L’utilisation du sport dans le champ social a démarré au début des années 80, au lendemain des incidents qui ont embrasé le quartier populaire des Minguettes à Vénissieux, près de Lyon. Des équipements sportifs de proximité sont alors installés et des professionnels sont formés à l’éducation socio-sportive. « La politique de la ville avec la notion de jeunesse et sports émerge, dans laquelle le sport est valorisé pour sa fonction pacificatrice », explique le sociologue. À l’époque, il est perçu comme un remède en soi.
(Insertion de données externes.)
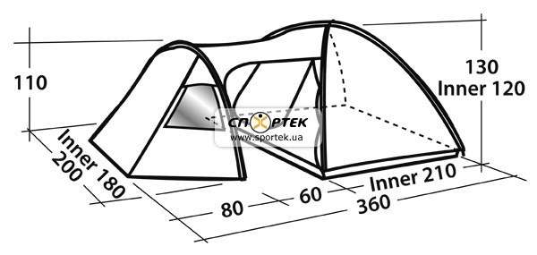 Палатка Easy Camp ECLIPSE 300 купольного типа, имеет три дуги, одна из них расположена вдали от основных и создаёт большую прихожую. По всей площади палатки есть пол а также достаточно места для доступа к сохранённым вещам. Вход осуществляется через фронтальные и боковые двери. Два окна, делают прихожую светлой и просторной.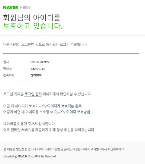 이런 이메일도 함께 와있구요. 부랴부랴 비밀번호 변경하고 로그인 했어요.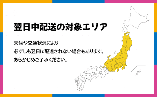 ※翌日中に返礼品をお届け可能なエリアは、・青森、岩手、秋田、宮城、福島、茨城、栃木、群馬、埼玉、東京、神奈川、千葉、山梨、静岡、長野、新潟、富山、石川、福井、岐阜、愛知、三重になります。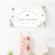 Banner zum Begrüßen von Babyduschen mit niedlichem Blumenmotiv in Gelb und Weiß. Ideal für Hummelduschen und gelbe Babyduschen im Frühling oder Sommer. Einzigartige, von Hand gezeichnet Blüten in Weiß und Gelb.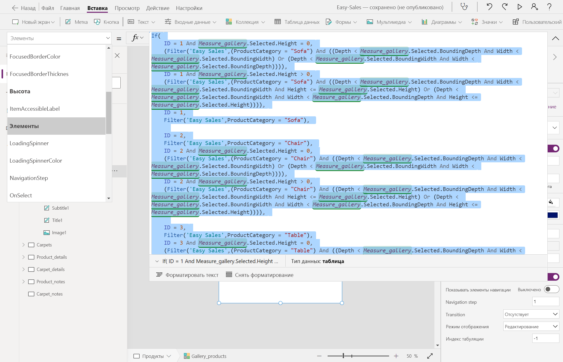 If( ID = 1 And Measure_gallery.Selected.Height = 0, (Filter('Easy Sales',(ProductCategory = "Sofa") And ((Depth < Measure_gallery.Selected.BoundingDepth And Width < Measure_gallery.Selected.BoundingWidth) Or (Depth < Measure_gallery.Selected.BoundingWidth And Width < Measure_gallery.Selected.BoundingDepth)))), ID = 1 And Measure_gallery.Selected.Height > 0, (Filter('Easy Sales',(ProductCategory = "Sofa") And ((Depth < Measure_gallery.Selected.BoundingDepth And Width < Measure_gallery.Selected.BoundingWidth And Height <= Measure_gallery.Selected.Height) Or (Depth < Measure_gallery.Selected.BoundingWidth And Width < Measure_gallery.Selected.BoundingDepth And Height <= Measure_gallery.Selected.Height)))), ID = 1, Filter('Easy Sales',ProductCategory = "Sofa"), ID = 2, Filter('Easy Sales',ProductCategory = "Chair"), ID = 2 And Measure_gallery.Selected.Height = 0, (Filter('Easy Sales',(ProductCategory = "Chair") And ((Depth < Measure_gallery.Selected.BoundingDepth And Width < Measure_gallery.Selected.BoundingWidth) Or (Depth < Measure_gallery.Selected.BoundingWidth And Width < Measure_gallery.Selected.BoundingDepth)))), ID = 2 And Measure_gallery.Selected.Height > 0, (Filter('Easy Sales',(ProductCategory = "Chair") And ((Depth < Measure_gallery.Selected.BoundingDepth And Width < Measure_gallery.Selected.BoundingWidth And Height <= Measure_gallery.Selected.Height) Or (Depth < Measure_gallery.Selected.BoundingWidth And Width < Measure_gallery.Selected.BoundingDepth And Height <= Measure_gallery.Selected.Height)))), ID = 3, Filter('Easy Sales',ProductCategory = "Table"), ID = 3 And Measure_gallery.Selected.Height = 0, (Filter('Easy Sales',(ProductCategory = "Table") And ((Depth < Measure_gallery.Selected.BoundingDepth And Width < Measure_gallery.Selected.BoundingWidth) Or (Depth < Measure_gallery.Selected.BoundingWidth And Width < Measure_gallery.Selected.BoundingDepth)))), ID = 3 And Measure_gallery.Selected.Height > 0, (Filter('Easy Sales',(ProductCategory = "Table") And ((Depth < Measure_gallery.Selected.BoundingDepth And Width < Measure_gallery.Selected.BoundingWidth And Height <= Measure_gallery.Selected.Height) Or (Depth < Measure_gallery.Selected.BoundingWidth And Width < Measure_gallery.Selected.BoundingDepth And Height <= Measure_gallery.Selected.Height)))) )Важный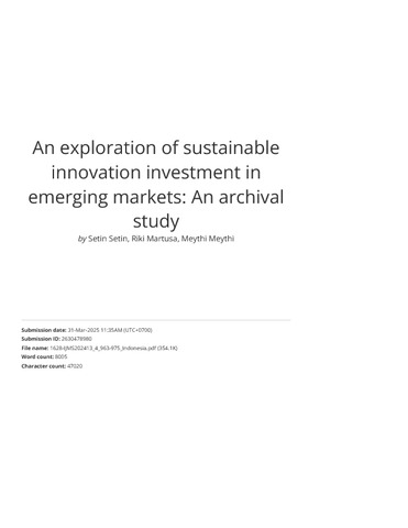 SeTin, SeTin and Martusa, Riki and Meythi, Meythi (2024) An Exploration of Sustainable Innovation Investment in Emerging Markets: An Archival Study. International Journal of Management and Sustainability, 13 (4). pp. 963-975. ISSN 2306-0662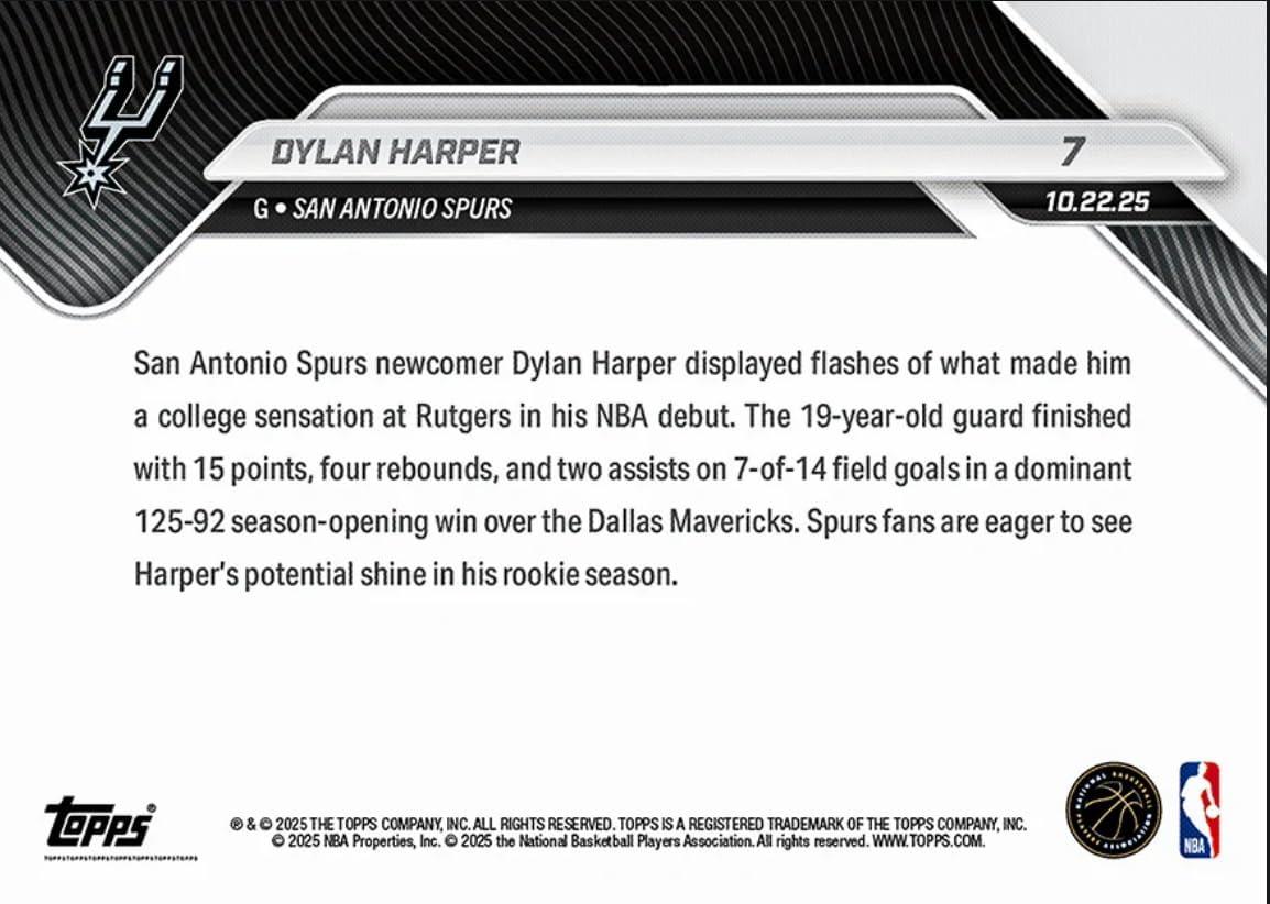 2025 Topps Now Dylan Harper #7 2025 Number 2 Pick Makes NBA Debut San Antonio Spurs Rookie RC Basketball Card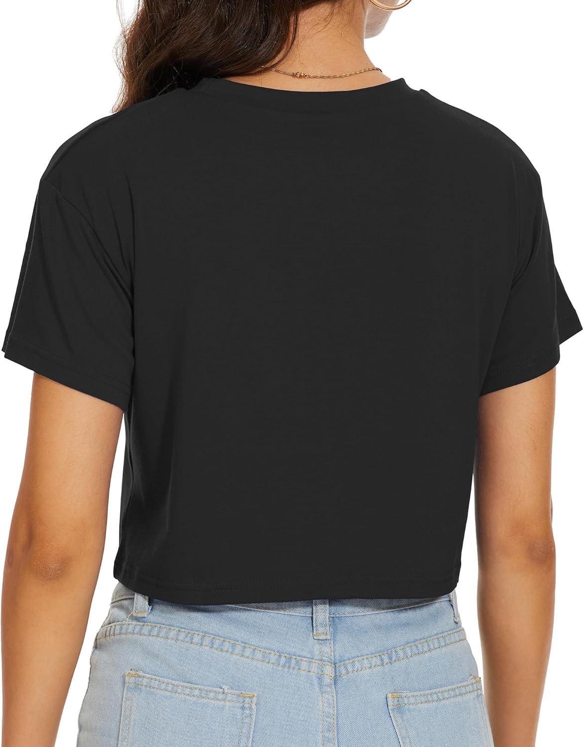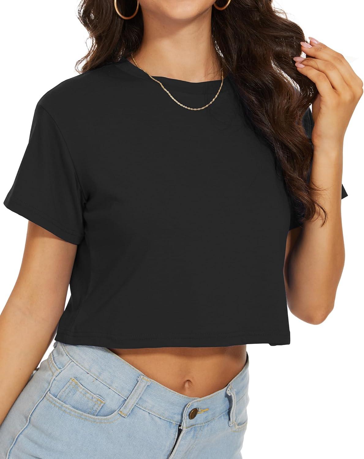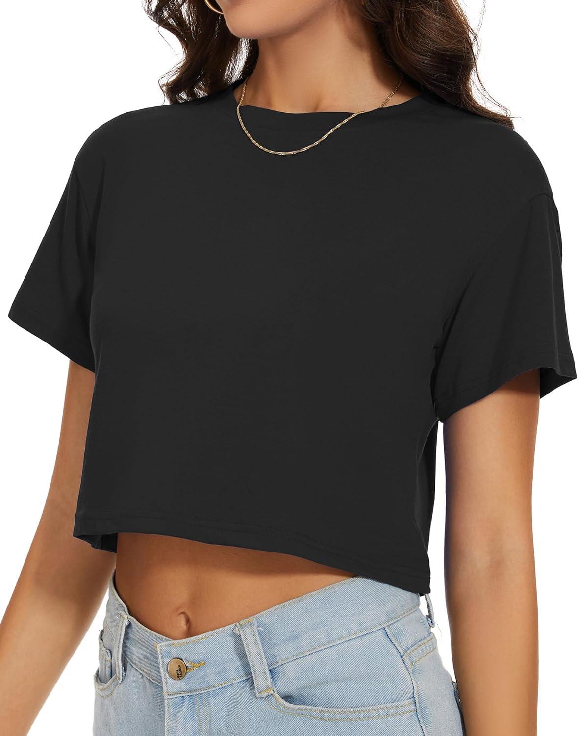 Womens Summer Crop Tops Short Sleeve Round Neck T-Shirts Loose Fit Casual Blouse(A-black)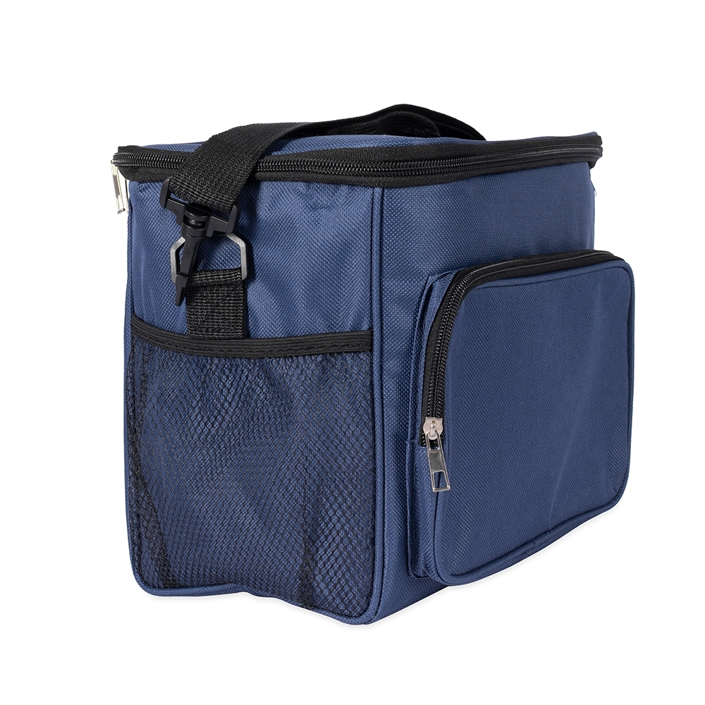 Descrição: Bolsa térmica em Oxford resistente à água e com capacidade de até 11 litros. Seu revestimento interno em alumínio permite a conservação de temperatura de alimentos e bebidas por mais tempo. Possui também um bolso frontal e mais um par de bolsos laterais em tela de nylon, além de uma alça fixa na tampa e outra transversal.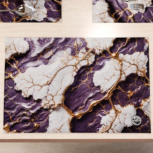 MARBLELIZED Lot de 2 Sets de Table en Tissu Effet marbre Violet (30 x 45 cm) - élégants, Parfaits pour Le Petit-déjeuner, Le déjeuner et Le dîner, idée Cadeau, 100% fabriqué en Italie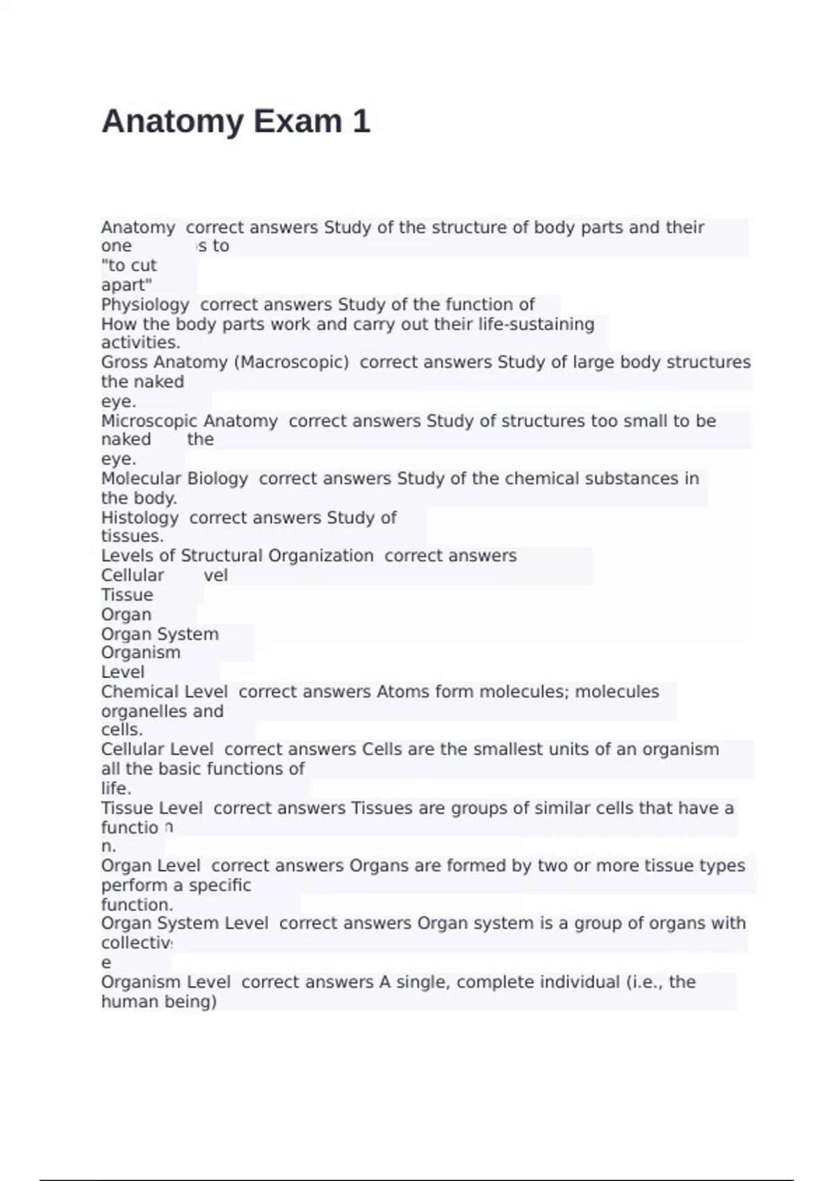 Anatomy correct answers Study of the structure of body parts and their relationships to one another. "to cut apart" Physiology correct answers Study of the function of the body. How the body parts work and carry out their life-sustaining activities. Gross Anatomy (Macroscopic) correct answers Study of large body structures visible to the naked eye. Microscopic Anatomy correct answers Study of structures too small to be seen with the naked eye. Molecular Biology correct answers Study of the chemical substances in the body. Histology correct answers Study of tissues. Levels of Structural Organization correct answers Chemical Level Cellular Level Tissue Level Organ Level Organ System Level Organism Level Chemical Level correct answers Atoms form molecules; molecules assemble organelles and cells. Cellular Level correct answers Cells are the smallest units of an organism that carry out all the basic functions of life. Tissue Level correct answers Tissues are groups of similar cells that have a common function. Organ Level correct answers Organs are formed by two or more tissue types in order to perform a specific function. Organ System Level correct answers Organ system is a group of organs with a unique collective Organism Level correct answers A single, complete individual (i.e., the human being)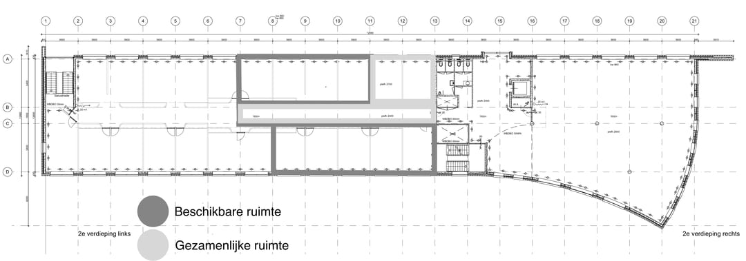 Vanuit de trapopgang of lift komt men bij de afsluitbare kantoorverdieping (ca. 924 m²) waarvan ca. 200 m² beschikbaar is. Deze vleugel wordt mede gehuurd door een accountantskantoor. De lunchruimte is in gezamenlijk gebruik en de kantoorruimte is gescheiden.

Depuis, cette vision a évolué, à la faveur de travaux de recherche en sociologie et de l’émergence, à partir des années 2000, d’associations de pratique sportive à visée sociale. Celles-ci ciblent un public vulnérable plus large (personnes en situation de handicap, femmes victimes de violences, mineurs non accompagnés, personnes en situation de précarité sociale, etc.). Et leurs actions sont construites en fonction d’objectifs précis.

Éducation par le sport

Par exemple, l'association Apels (Agence pour l’éducation par le sport) se concentre sur l’insertion professionnelle des jeunes des quartiers de la politique de la ville (QPV), avec son projet Déclics et le métier de coach d’insertion professionnelle, qui va faire le lien avec les entreprises. 

L’association Kabubu travaille quant à elle auprès de personnes réfugiées. Breizh insertion intervient dans des Cada, auprès de mineurs non accompagnés et de la PJJ, ou au sein de CHRS.